DATA PROVIDED:

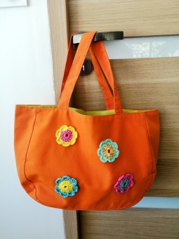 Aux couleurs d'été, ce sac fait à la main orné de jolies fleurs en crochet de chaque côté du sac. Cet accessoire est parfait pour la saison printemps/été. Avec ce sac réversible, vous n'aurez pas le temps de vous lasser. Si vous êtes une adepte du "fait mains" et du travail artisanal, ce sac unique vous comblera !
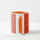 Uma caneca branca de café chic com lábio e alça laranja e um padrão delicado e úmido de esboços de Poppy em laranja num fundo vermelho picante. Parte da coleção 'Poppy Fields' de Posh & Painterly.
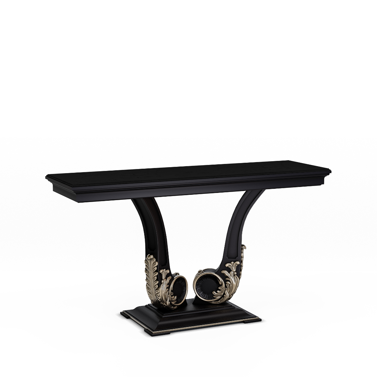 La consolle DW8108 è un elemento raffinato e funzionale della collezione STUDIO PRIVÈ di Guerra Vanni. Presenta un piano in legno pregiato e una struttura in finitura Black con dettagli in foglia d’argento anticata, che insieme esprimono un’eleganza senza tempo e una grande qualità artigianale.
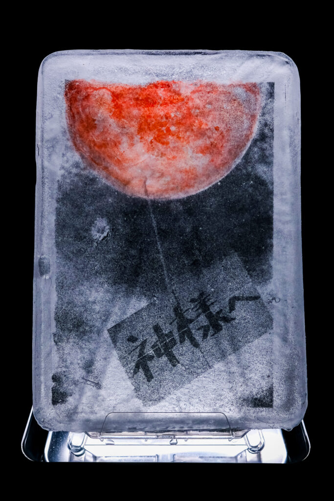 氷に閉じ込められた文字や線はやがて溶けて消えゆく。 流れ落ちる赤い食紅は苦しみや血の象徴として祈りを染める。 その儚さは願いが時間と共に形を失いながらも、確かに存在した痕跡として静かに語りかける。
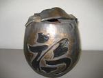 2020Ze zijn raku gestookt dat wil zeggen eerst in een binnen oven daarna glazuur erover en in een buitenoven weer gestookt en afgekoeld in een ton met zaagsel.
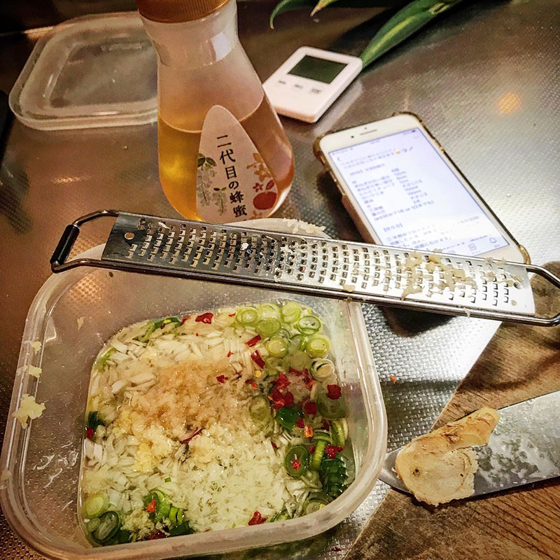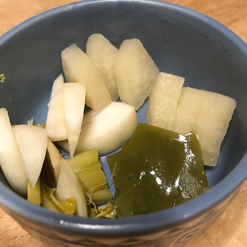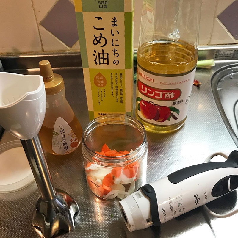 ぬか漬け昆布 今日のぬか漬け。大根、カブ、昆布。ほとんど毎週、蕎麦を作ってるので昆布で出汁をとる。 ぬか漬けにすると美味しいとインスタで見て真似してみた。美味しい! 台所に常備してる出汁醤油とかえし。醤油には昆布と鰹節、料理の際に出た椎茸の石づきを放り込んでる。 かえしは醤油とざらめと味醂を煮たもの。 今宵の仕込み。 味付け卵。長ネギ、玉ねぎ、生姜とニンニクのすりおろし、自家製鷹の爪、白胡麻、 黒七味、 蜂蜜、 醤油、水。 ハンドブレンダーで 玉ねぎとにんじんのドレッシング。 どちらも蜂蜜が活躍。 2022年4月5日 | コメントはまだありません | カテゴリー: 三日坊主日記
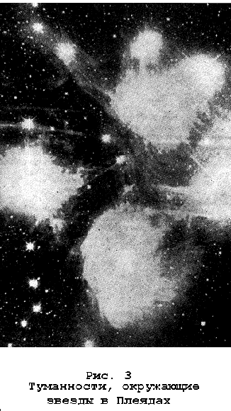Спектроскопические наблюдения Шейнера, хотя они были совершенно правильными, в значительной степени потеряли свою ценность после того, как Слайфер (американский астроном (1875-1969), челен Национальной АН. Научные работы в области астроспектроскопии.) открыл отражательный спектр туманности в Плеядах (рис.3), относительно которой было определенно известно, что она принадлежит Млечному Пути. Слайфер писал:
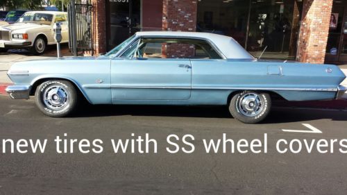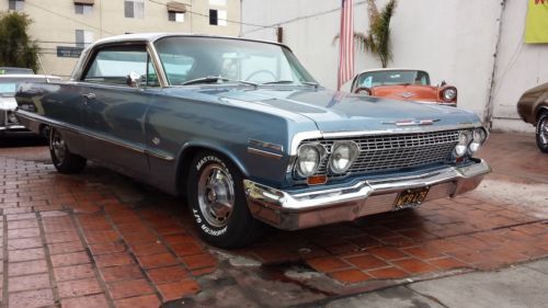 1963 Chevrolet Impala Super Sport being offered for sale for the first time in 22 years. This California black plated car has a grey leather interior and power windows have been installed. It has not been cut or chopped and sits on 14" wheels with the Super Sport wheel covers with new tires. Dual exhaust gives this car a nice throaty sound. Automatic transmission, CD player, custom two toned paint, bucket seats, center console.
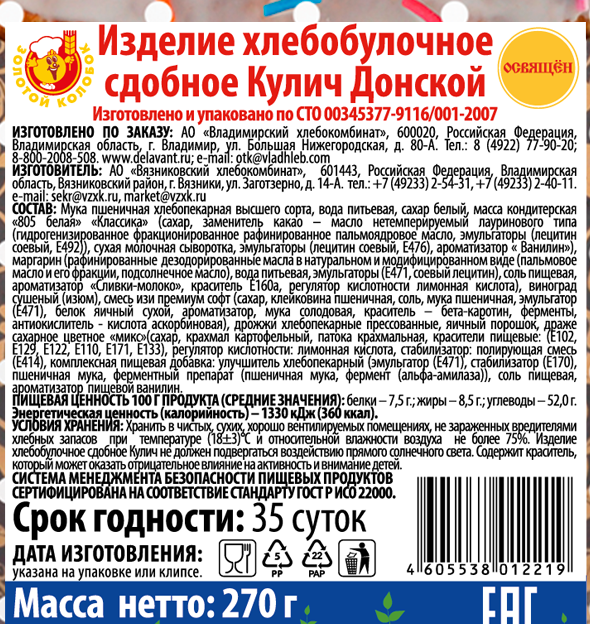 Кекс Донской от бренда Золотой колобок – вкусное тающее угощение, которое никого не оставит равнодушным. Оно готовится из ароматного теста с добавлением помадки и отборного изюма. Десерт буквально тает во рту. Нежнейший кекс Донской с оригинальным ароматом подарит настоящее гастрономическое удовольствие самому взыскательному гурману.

==

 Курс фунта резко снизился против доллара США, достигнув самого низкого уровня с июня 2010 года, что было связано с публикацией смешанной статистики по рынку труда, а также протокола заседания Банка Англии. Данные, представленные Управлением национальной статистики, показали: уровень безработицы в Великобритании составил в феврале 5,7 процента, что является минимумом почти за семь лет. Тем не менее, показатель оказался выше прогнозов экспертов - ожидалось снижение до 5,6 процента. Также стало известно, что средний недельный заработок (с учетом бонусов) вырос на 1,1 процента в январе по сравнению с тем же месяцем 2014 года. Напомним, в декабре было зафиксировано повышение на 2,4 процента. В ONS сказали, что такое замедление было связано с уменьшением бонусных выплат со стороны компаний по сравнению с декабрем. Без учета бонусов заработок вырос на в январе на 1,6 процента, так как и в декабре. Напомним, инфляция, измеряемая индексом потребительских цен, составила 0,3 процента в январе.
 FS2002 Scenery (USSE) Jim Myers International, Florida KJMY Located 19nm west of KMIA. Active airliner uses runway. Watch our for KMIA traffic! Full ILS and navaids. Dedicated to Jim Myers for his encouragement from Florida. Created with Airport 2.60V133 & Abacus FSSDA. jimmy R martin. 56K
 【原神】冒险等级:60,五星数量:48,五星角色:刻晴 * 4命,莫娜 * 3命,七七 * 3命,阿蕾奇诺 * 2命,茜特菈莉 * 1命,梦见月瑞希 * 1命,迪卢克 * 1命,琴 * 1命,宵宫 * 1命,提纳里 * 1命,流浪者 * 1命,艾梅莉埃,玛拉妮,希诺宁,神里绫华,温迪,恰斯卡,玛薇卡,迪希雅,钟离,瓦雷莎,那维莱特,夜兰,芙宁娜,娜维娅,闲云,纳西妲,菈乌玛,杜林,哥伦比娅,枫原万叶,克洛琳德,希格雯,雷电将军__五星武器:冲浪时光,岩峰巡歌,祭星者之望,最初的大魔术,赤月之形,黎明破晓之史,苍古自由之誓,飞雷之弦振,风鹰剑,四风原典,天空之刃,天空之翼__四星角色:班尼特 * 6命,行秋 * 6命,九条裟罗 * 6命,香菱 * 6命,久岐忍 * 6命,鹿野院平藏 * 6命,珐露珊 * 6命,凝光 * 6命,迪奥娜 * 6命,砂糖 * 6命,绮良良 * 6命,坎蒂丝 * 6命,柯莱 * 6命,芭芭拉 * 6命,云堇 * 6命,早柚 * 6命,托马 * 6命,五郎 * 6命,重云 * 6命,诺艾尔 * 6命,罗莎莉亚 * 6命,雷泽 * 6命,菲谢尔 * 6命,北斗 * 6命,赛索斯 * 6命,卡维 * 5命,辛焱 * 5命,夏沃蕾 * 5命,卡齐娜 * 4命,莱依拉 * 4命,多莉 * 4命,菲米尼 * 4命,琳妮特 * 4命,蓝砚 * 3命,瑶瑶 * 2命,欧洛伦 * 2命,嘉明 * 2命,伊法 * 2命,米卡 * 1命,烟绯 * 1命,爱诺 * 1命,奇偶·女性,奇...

---

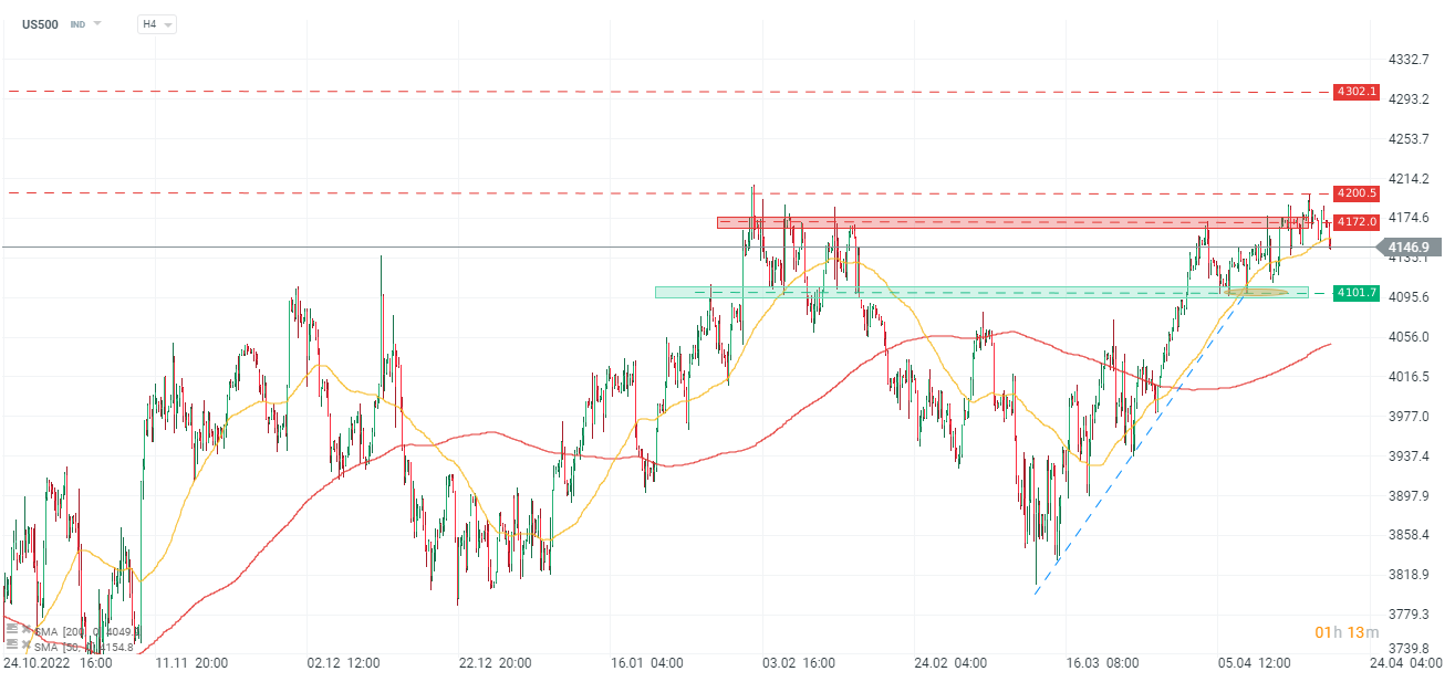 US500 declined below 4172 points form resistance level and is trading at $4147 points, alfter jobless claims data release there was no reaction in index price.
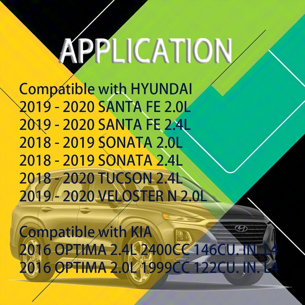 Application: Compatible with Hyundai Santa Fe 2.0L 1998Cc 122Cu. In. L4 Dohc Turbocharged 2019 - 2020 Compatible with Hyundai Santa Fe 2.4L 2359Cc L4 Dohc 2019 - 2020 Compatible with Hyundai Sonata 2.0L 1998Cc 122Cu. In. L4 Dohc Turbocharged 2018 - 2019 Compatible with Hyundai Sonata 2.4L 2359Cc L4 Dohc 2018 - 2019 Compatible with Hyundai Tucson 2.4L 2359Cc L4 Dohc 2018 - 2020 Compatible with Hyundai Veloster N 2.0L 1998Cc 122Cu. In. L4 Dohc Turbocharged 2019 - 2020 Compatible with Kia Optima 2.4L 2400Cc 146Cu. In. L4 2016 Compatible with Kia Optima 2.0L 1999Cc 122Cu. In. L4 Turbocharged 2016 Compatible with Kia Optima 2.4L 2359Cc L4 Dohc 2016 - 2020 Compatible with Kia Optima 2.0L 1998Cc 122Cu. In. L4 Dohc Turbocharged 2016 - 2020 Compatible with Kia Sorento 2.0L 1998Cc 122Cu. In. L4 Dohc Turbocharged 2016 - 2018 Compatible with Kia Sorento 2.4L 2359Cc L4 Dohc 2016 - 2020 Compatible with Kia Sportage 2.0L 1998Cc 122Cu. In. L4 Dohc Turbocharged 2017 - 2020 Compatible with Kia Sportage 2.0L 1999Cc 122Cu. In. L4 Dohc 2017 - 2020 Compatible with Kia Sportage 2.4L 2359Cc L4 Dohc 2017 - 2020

PROMPT:
Leaving all pictures out, output exactly the lines of the material above from the line with "Спектроскопические наблюдения Шейнера, хотя" to the line with "Кекс Донской от", both included.

SOLUTION TO THIS PROBLEM:
Спектроскопические наблюдения Шейнера, хотя они были совершенно правильными, в значительной степени потеряли свою ценность после того, как Слайфер (американский астроном (1875-1969), челен Национальной АН. Научные работы в области астроспектроскопии.) открыл отражательный спектр туманности в Плеядах (рис.3), относительно которой было определенно известно, что она принадлежит Млечному Пути. Слайфер писал:
 1963 Chevrolet Impala Super Sport being offered for sale for the first time in 22 years. This California black plated car has a grey leather interior and power windows have been installed. It has not been cut or chopped and sits on 14" wheels with the Super Sport wheel covers with new tires. Dual exhaust gives this car a nice throaty sound. Automatic transmission, CD player, custom two toned paint, bucket seats, center console.
 Кекс Донской от бренда Золотой колобок – вкусное тающее угощение, которое никого не оставит равнодушным. Оно готовится из ароматного теста с добавлением помадки и отборного изюма. Десерт буквально тает во рту. Нежнейший кекс Донской с оригинальным ароматом подарит настоящее гастрономическое удовольствие самому взыскательному гурману.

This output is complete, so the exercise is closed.